++++ EXERCISE DATA ++++

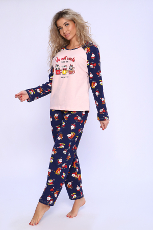Костюм домашний состоит из кофты с длинным рукавом и брюк. Брюки с карманами. Кофта с рукавами - реглан и принтом. Удобный и практичный вариант для дома и сна.
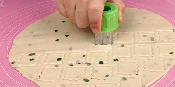 6.我們再取一個模具,用模具按壓出餅幹的形狀,多餘的餅皮部分再輕輕地撕開這個動作要輕一些,以防撕破瞭。
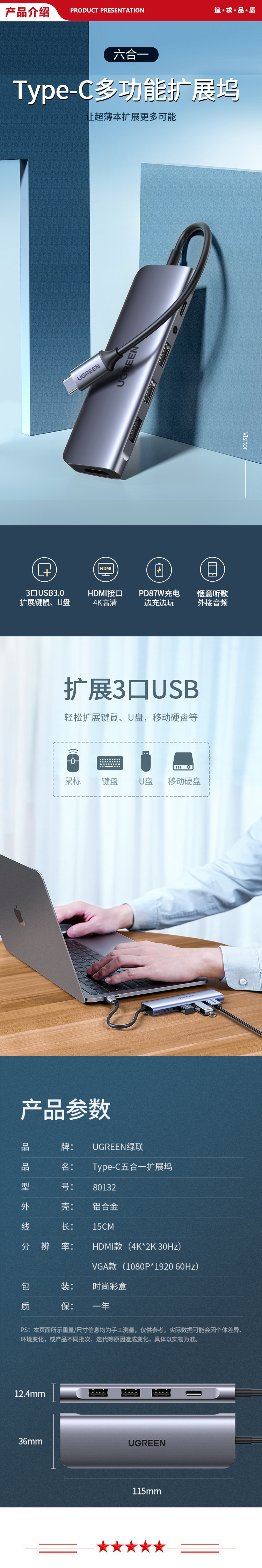 绿联 UGREEN 80132 Type-C扩展坞 通用USB-C转HDMI线4K转换器 雷电3转接头 6合1
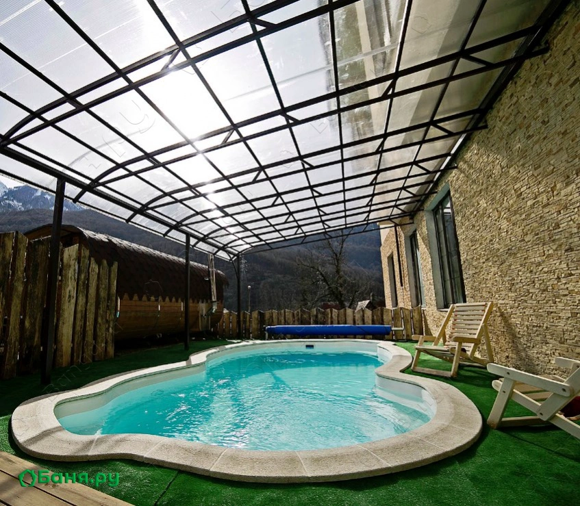 г. Сочи, Красная поляна, ул. Комсомольский переулок, 4а На территории комплекса функционирует финская сауна, которая отличается от русской бани тем, что ее температура может достигать 130-160 градусов. Так же они различаются по влажности воздуха: если в русской бане этот показатель достигает 90%, то в финской сауне влажность не больше 20-25%. Должны отметить, что польза от русской бани и финской сауны практически одинаковы, как и сам процесс, который приносит массу удовольствия. В стоимость сауны входит посещение открытого бассейна с видом на горы.
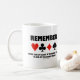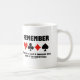 Sind Sie am Brückentisch schrecklich heruntergegangen, in der Größenordnung von -400, -500, -800, etc.? Lass Deinem wry bridge Player die Seite mit dieser Tasse, die die vier Karten-Anzug zusammen mit dem folgenden Erinnerung-Sprichwort enthält, an jeden Bridge-Spieler, der ein riskantes Gebotsverhalten oder ein schlechtes Spiel einnimmt: "Denk daran, dass es mindestens tausend Möglichkeiten gibt, am Bridge-Tisch Die". Keine Notwendigkeit, ein begeisterter Bridge-Spieler oder Bridge-Lehrer zu sein, um diese Klangqualität zu genießen, dass bridge in der Tat ein demütigendes Spiel ist!
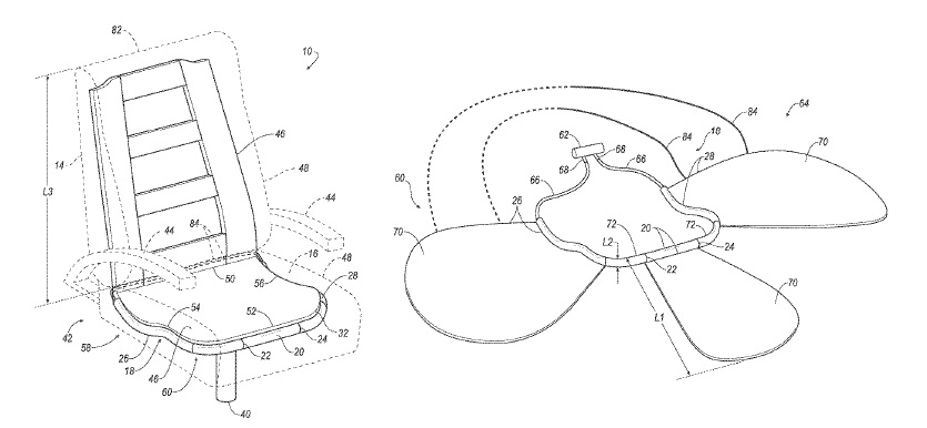 US10023146 — VEHICLE SEAT ASSEMBLY INCLUDING AIRBAG — Ford Global Technologies, LLC (USA) — A seat assembly for a vehicle includes a seatback and a seat bottom, the frame of each may be made of aluminum, extending away from the seatback. An airbag is supported by the seat bottom and includes a middle member having a first end and a second end. The middle member is spaced from the seatback. The airbag includes a first side member extending from the first end of the middle member toward the seatback, and a second side member extending from the second end of the middle member toward the seatback. When inflated in response to a sensed impact of the vehicle, the middle member, the first side member, and the second side member extend around the occupant. One leg of the occupant is disposed between the middle member and the first side member, and the other leg of the occupant is disposed between the middle member and the second side member.
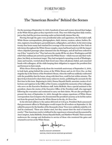 FOREWORD The “American Resolve” Behind the Scenes On the morning of September 12, 2001, hundreds of men and women showed their badges at the White House gates as they reported to work. They were following their daily routine, just as they had the previous morning under an historically intense blue sky. Flowing through the gates were presidential aides and appointees, the first lady’s staff, White House correspondents, photographers, chefs, interns, curators, ushers, butlers, florists, engineers, housekeepers, groundskeepers, calligraphers, and others. In the intervening twenty-four hours many had watched live coverage of the terrorist attacks in New York on televisions throughout the White House complex, many had heard and even felt the impact when a hijacked passenger plane slammed into the Pentagon, and all had been ordered to run if they “wanted to live.” They had seen the smoke fill the air above Washington and felt relief when military jets arrived to protect the White House—which was not only their workplace, but likely an imminent target. They had navigated evacuating crowds of Washingtonians and tourists, worried about their loved ones when cell phones failed, and cemented bonds with colleagues, all the while keeping their obligation to support the president first and foremost in their minds. White House History Quarterly chose the twentieth anniversary of September 11, 2001, to look back, going behind the scenes at the White House and on Air Force One, on that singular day in the history of the President’s House, when the staff was suddenly confronted with the possibility that the house, along with their lives, could be lost within minutes. The Quarterly is honored to share their many unknown stories, publishing the accounts for the first time in this issue. Beginning in 2002, Donna Hayashi Smith, associate curator of collections and registrar in the Office of the Curator, compiled the memories of her colleagues who serve on the Executive Residence staff. Anita McBride, then a special assistant to the president, shares the stories of the Executive Office of the President staff, who regrouped following the evacuation and continued to carry out their duties. We are also privileged to present the story of September 11, 2001, through the unique experience of White House correspondent Ann Compton who documented the president’s journey as he led the nation not from the ground, but from the White House in the sky, Air Force One. In his televised address to the nation delivered at 8:30 p.m. President Bush announced that government offices in Washington would reopen for all workers on September 12. He called for prayers for the families of the thousands whose “lives were suddenly ended by evil. And he continued, “These acts shatter steel, but they cannot dent the steel of American resolve.” That American resolve is defined in the experiences witnessed and documented by Ann Compton, Anita McBride, Donna Hayashi Smith, and Matthew Wendel. Their accounts underscore the courage and dedication to service of those who reentered the gates and returned to service at the White House.
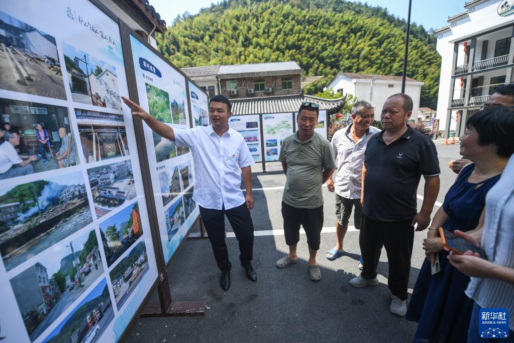 9月1日,杭州市臨安區高虹鎮的監察聯絡員(左一)在給石門村村民介紹村里的舊村改造工程。
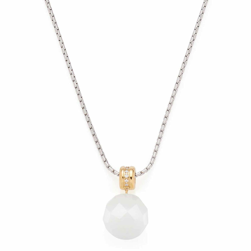 Eleganz wurde hier in ein zeitlos schönes Schmuckstück gefasst. Die mittellange Rund-Ankerkette mit Karabinerverschluss und Verlängerungskettchen ist die Trägerin eines opulenten Catseye-Kugel-Anhängers, dessen golden ionenplattiertes Rondell mit eingefassten, klaren Zirkonias besetzt ist. Der Facettenschliff von Perle und Steinchen verleiht dem Anhänger ein schönes Funkeln.
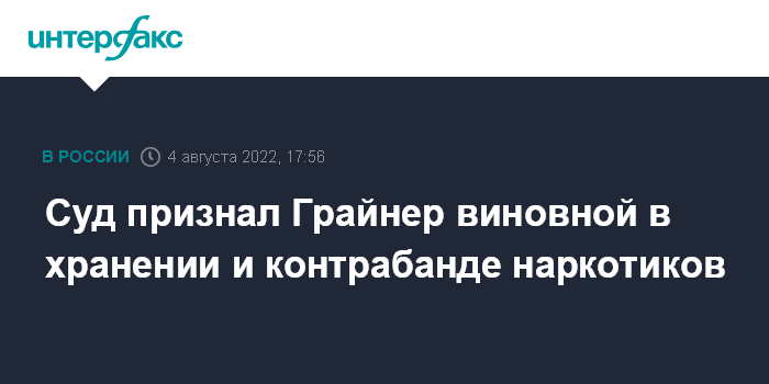 Москва. 4 августа. INTERFAX.RU - Химкинский городской суд вынес обвинительный приговор двукратной олимпийской чемпионке по баскетболу американке Бриттни Грайнер за хранение и контрабанду наркотических средств, передает корреспондент "Интерфакса" из зала суда в четверг.
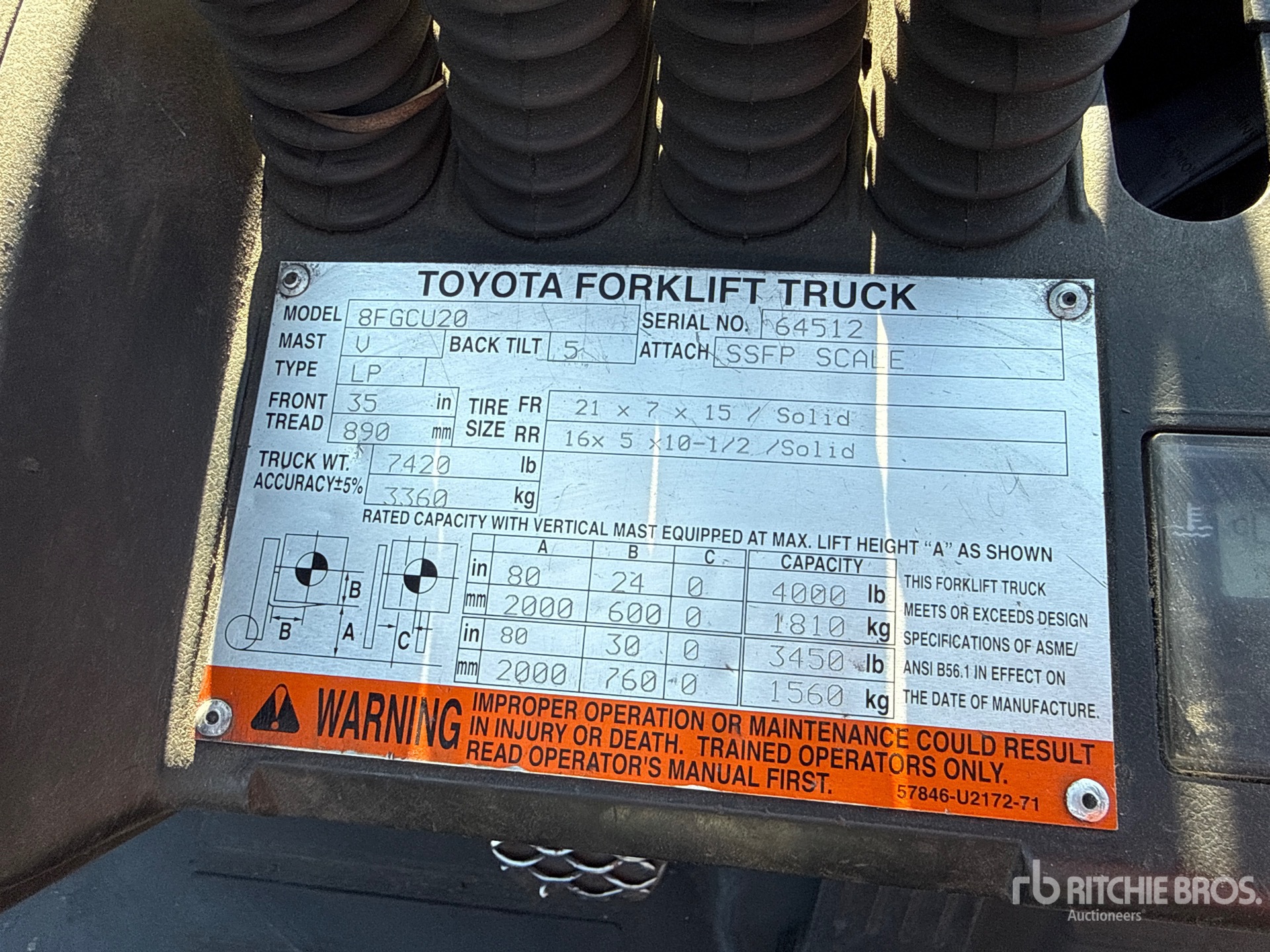 2 Stage Mast, 80 in Max Lift Height, 57 in Lowered Mast Height, 41 in Forks, Side Shift, Fork Positioner, Load Weigh System, 2014 US EPA Label, Toyota 4Y ECS 4 Cylinder 2.2 L LPG Engine
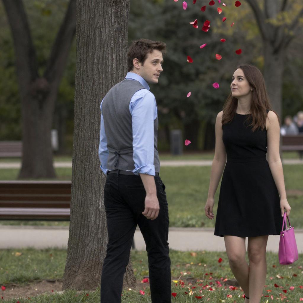 Two young adults sitting on grass in a casual outdoor setting. A blonde woman wearing a red hat, red T-shirt, light blue jeans, and black sneakers is smiling. Next to her is a brown-haired man with a beard, wearing a light blue T-shirt and dark pants, looking serious. Green trees and grass are visible in the background.
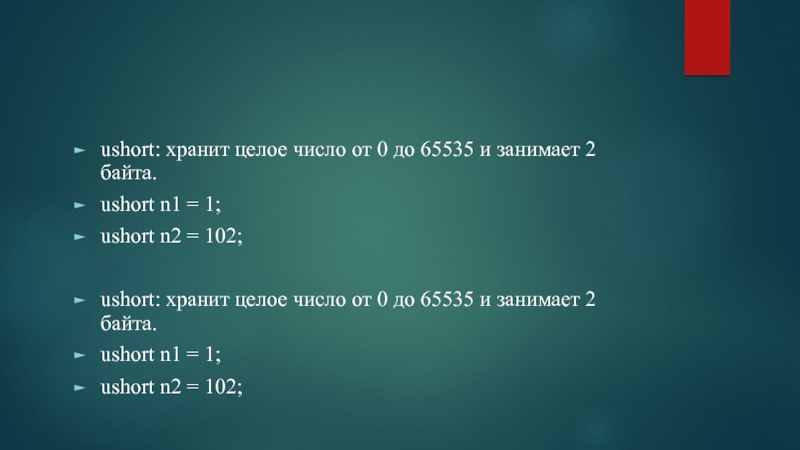 Слайд 4ushort: хранит целое число от 0 до 65535 и занимает

++++

WHAT NEEDS TO BE DONE
An exact repeat of all the data is required, pictures excluded.

WRITTEN REPLY
Костюм домашний состоит из кофты с длинным рукавом и брюк. Брюки с карманами. Кофта с рукавами - реглан и принтом. Удобный и практичный вариант для дома и сна.
 6.我們再取一個模具,用模具按壓出餅幹的形狀,多餘的餅皮部分再輕輕地撕開這個動作要輕一些,以防撕破瞭。
 绿联 UGREEN 80132 Type-C扩展坞 通用USB-C转HDMI线4K转换器 雷电3转接头 6合1
 г. Сочи, Красная поляна, ул. Комсомольский переулок, 4а На территории комплекса функционирует финская сауна, которая отличается от русской бани тем, что ее температура может достигать 130-160 градусов. Так же они различаются по влажности воздуха: если в русской бане этот показатель достигает 90%, то в финской сауне влажность не больше 20-25%. Должны отметить, что польза от русской бани и финской сауны практически одинаковы, как и сам процесс, который приносит массу удовольствия. В стоимость сауны входит посещение открытого бассейна с видом на горы.
 Sind Sie am Brückentisch schrecklich heruntergegangen, in der Größenordnung von -400, -500, -800, etc.? Lass Deinem wry bridge Player die Seite mit dieser Tasse, die die vier Karten-Anzug zusammen mit dem folgenden Erinnerung-Sprichwort enthält, an jeden Bridge-Spieler, der ein riskantes Gebotsverhalten oder ein schlechtes Spiel einnimmt: "Denk daran, dass es mindestens tausend Möglichkeiten gibt, am Bridge-Tisch Die". Keine Notwendigkeit, ein begeisterter Bridge-Spieler oder Bridge-Lehrer zu sein, um diese Klangqualität zu genießen, dass bridge in der Tat ein demütigendes Spiel ist!
 US10023146 — VEHICLE SEAT ASSEMBLY INCLUDING AIRBAG — Ford Global Technologies, LLC (USA) — A seat assembly for a vehicle includes a seatback and a seat bottom, the frame of each may be made of aluminum, extending away from the seatback. An airbag is supported by the seat bottom and includes a middle member having a first end and a second end. The middle member is spaced from the seatback. The airbag includes a first side member extending from the first end of the middle member toward the seatback, and a second side member extending from the second end of the middle member toward the seatback. When inflated in response to a sensed impact of the vehicle, the middle member, the first side member, and the second side member extend around the occupant. One leg of the occupant is disposed between the middle member and the first side member, and the other leg of the occupant is disposed between the middle member and the second side member.
 FOREWORD The “American Resolve” Behind the Scenes On the morning of September 12, 2001, hundreds of men and women showed their badges at the White House gates as they reported to work. They were following their daily routine, just as they had the previous morning under an historically intense blue sky. Flowing through the gates were presidential aides and appointees, the first lady’s staff, White House correspondents, photographers, chefs, interns, curators, ushers, butlers, florists, engineers, housekeepers, groundskeepers, calligraphers, and others. In the intervening twenty-four hours many had watched live coverage of the terrorist attacks in New York on televisions throughout the White House complex, many had heard and even felt the impact when a hijacked passenger plane slammed into the Pentagon, and all had been ordered to run if they “wanted to live.” They had seen the smoke fill the air above Washington and felt relief when military jets arrived to protect the White House—which was not only their workplace, but likely an imminent target. They had navigated evacuating crowds of Washingtonians and tourists, worried about their loved ones when cell phones failed, and cemented bonds with colleagues, all the while keeping their obligation to support the president first and foremost in their minds. White House History Quarterly chose the twentieth anniversary of September 11, 2001, to look back, going behind the scenes at the White House and on Air Force One, on that singular day in the history of the President’s House, when the staff was suddenly confronted with the possibility that the house, along with their lives, could be lost within minutes. The Quarterly is honored to share their many unknown stories, publishing the accounts for the first time in this issue. Beginning in 2002, Donna Hayashi Smith, associate curator of collections and registrar in the Office of the Curator, compiled the memories of her colleagues who serve on the Executive Residence staff. Anita McBride, then a special assistant to the president, shares the stories of the Executive Office of the President staff, who regrouped following the evacuation and continued to carry out their duties. We are also privileged to present the story of September 11, 2001, through the unique experience of White House correspondent Ann Compton who documented the president’s journey as he led the nation not from the ground, but from the White House in the sky, Air Force One. In his televised address to the nation delivered at 8:30 p.m. President Bush announced that government offices in Washington would reopen for all workers on September 12. He called for prayers for the families of the thousands whose “lives were suddenly ended by evil. And he continued, “These acts shatter steel, but they cannot dent the steel of American resolve.” That American resolve is defined in the experiences witnessed and documented by Ann Compton, Anita McBride, Donna Hayashi Smith, and Matthew Wendel. Their accounts underscore the courage and dedication to service of those who reentered the gates and returned to service at the White House.
 9月1日,杭州市臨安區高虹鎮的監察聯絡員(左一)在給石門村村民介紹村里的舊村改造工程。
 Eleganz wurde hier in ein zeitlos schönes Schmuckstück gefasst. Die mittellange Rund-Ankerkette mit Karabinerverschluss und Verlängerungskettchen ist die Trägerin eines opulenten Catseye-Kugel-Anhängers, dessen golden ionenplattiertes Rondell mit eingefassten, klaren Zirkonias besetzt ist. Der Facettenschliff von Perle und Steinchen verleiht dem Anhänger ein schönes Funkeln.
 Москва. 4 августа. INTERFAX.RU - Химкинский городской суд вынес обвинительный приговор двукратной олимпийской чемпионке по баскетболу американке Бриттни Грайнер за хранение и контрабанду наркотических средств, передает корреспондент "Интерфакса" из зала суда в четверг.
 2 Stage Mast, 80 in Max Lift Height, 57 in Lowered Mast Height, 41 in Forks, Side Shift, Fork Positioner, Load Weigh System, 2014 US EPA Label, Toyota 4Y ECS 4 Cylinder 2.2 L LPG Engine
 Two young adults sitting on grass in a casual outdoor setting. A blonde woman wearing a red hat, red T-shirt, light blue jeans, and black sneakers is smiling. Next to her is a brown-haired man with a beard, wearing a light blue T-shirt and dark pants, looking serious. Green trees and grass are visible in the background.
 Слайд 4ushort: хранит целое число от 0 до 65535 и занимает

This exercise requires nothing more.